On Mon, Apr 03, 2006 at 03:38:04PM -0500, Dimitri Sivanich wrote:
> I've noticed recent kernels have had some latency issues with
> file_free_rcu running from __rcu_process_callbacks().
> kmem_cache_free() can run without preemption for 100's of usec
> on 1GHz machines, regardless of the setting of CONFIG_PREEMPT.
>
> This results in some unpredictable periods of fairly long processor
> unavailability, such as when a thread is waiting to be woken by an
> interrupt handler on a 'now quiet' processor.
>
> In addition to current long delays associated with file_free_rcu(), and
> any other rcu callback delays that may be lurking, future uses of rcu
> could result in similiar issues, so it seems a comprehensive approach is
> what is needed to remedy this.
>
> The change I'm proposing solves this by having a set of processors
> process the donelists (function callbacks) of a configured set of
> processors from tasklet context. The remote processor donelist callbacks
> are processed in a round-robin fashion, one list per processor. Since
> only donelist callback processing is affected, other rcu list and
> quiescent state processing is unaffected.
>
> This patch does add donelist locking for configured processors, but the
> locking is passive (the processors doing the donelist processing try
> the lock and move on if unavailable), so contention is minimal.
>
> Note that these patches only affect NUMA systems. Code for Non-NUMA
> systems remains unchanged.
>
> For this patch (1), configuration of processors for remote rcu
> callback processing is done at boot-time via the 'remotercu'
> parameter. Patch 2 adds dynamic configuration.

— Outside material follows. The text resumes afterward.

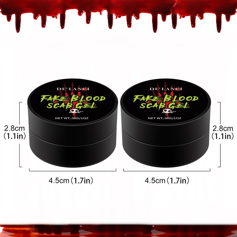 DE'LANCI Fake Blood Scab, 2 Pcs Coagulated Blood Gel Washable, Realistic Scar Blood Halloween SFX Makeup on the Face/Body, Prefect Zombie Vampire Monster Cosplay Stage Blood Clothes - 60g (2.12 oz)

Interesting approach!!! Please accept my apologies for being slow
about getting to this, there have been a few distractions. You get
three guesses, and the first two do not count. ;-)

Some comments below. Some nits, but a few places with serious
race conditions (or serious misunderstandings on my part of exactly
how this code works...).

Thanx, Paul

> Signed-off-by: Dimitri Sivanich <sivanich@xxxxxxx>
> Signed-off-by: Christoph Lameter <clameter@xxxxxxx>
>
> Index: linux/kernel/rcupdate.c
> ===================================================================
> --- linux.orig/kernel/rcupdate.c 2006-04-03 15:26:15.914125174 -0500
> +++ linux/kernel/rcupdate.c 2006-04-03 15:26:38.743863052 -0500
> @@ -68,6 +68,8 @@ DEFINE_PER_CPU(struct rcu_data, rcu_bh_d
>
> /* Fake initialization required by compiler */
> static DEFINE_PER_CPU(struct tasklet_struct, rcu_tasklet) = {NULL};
> +/* Tasklet for processing rcu callbacks remotely */
> +static DEFINE_PER_CPU(struct tasklet_struct, rcu_remote_tasklet) = {NULL};
> static int blimit = 10;
> static int qhimark = 10000;
> static int qlowmark = 100;
> @@ -106,6 +108,140 @@ static inline void force_quiescent_state
> }
> #endif
>
> +#ifdef CONFIG_NUMA

Could you please use a different CONFIG variable? Perhaps something
associated with the isolscpu capability, which seems to be somewhat
related to this?

There are a number of NUMA platforms that might not want this to be
unconditional. I believe that you can use CONFIG magic to make it
be unconditional for the specific platforms you are interested in,
while making it optional for others. (That said, I cannot count myself
a CONFIG expert...)

> +/*
> + * Variables and routines for remote rcu callback processing
> + *
> + * Remote callback processing allows specified (configured) cpus to have
> + * their list of rcu callbacks processed by other (non-configured) cpus,
> + * thus reducing the amount of overhead and latency seen by configured
> + * cpus.
> + *
> + * This is accomplished by having non-configured cpus process the donelist
> + * of the configured cpus from tasklet context. The remote cpu donelists
> + * are processed in a round-robin fashion, one list per cpu. Since only
> + * donelist processing is affected, other rcu list and quiescent state
> + * processing is unaffected.
> + *
> + * Configuration of cpus for remote rcu callback processing is done
> + * at boot-time via the remotercu parameter.
> + */
> +
> +/* cpus configured for remote callback processing, this rarely changes */
> +static cpumask_t __read_mostly cpu_remotercu_map = CPU_MASK_NONE;

Judging from the code below, this variable has bits set for those
CPUs that don't do their own RCU callback invocation. When I first
read this, I thought that the mask was instead for CPUs that do the
RCU callback invocations on behalf of other CPUs. How about something
like "CPUs configured not to do their own RCU callback invocations"?

> +
> +/* next cpu for which we need to do remote callback processing */
> +static int cpu_remotercu_next = -1;
> +
> +/* lock cpu_remotercu_next and changes to cpu_remotercu_map */
> +static spinlock_t cpu_remotercu_lock = SPIN_LOCK_UNLOCKED;
> +
> +/*
> + * Return a mask of online cpus configured for remote rcu processing.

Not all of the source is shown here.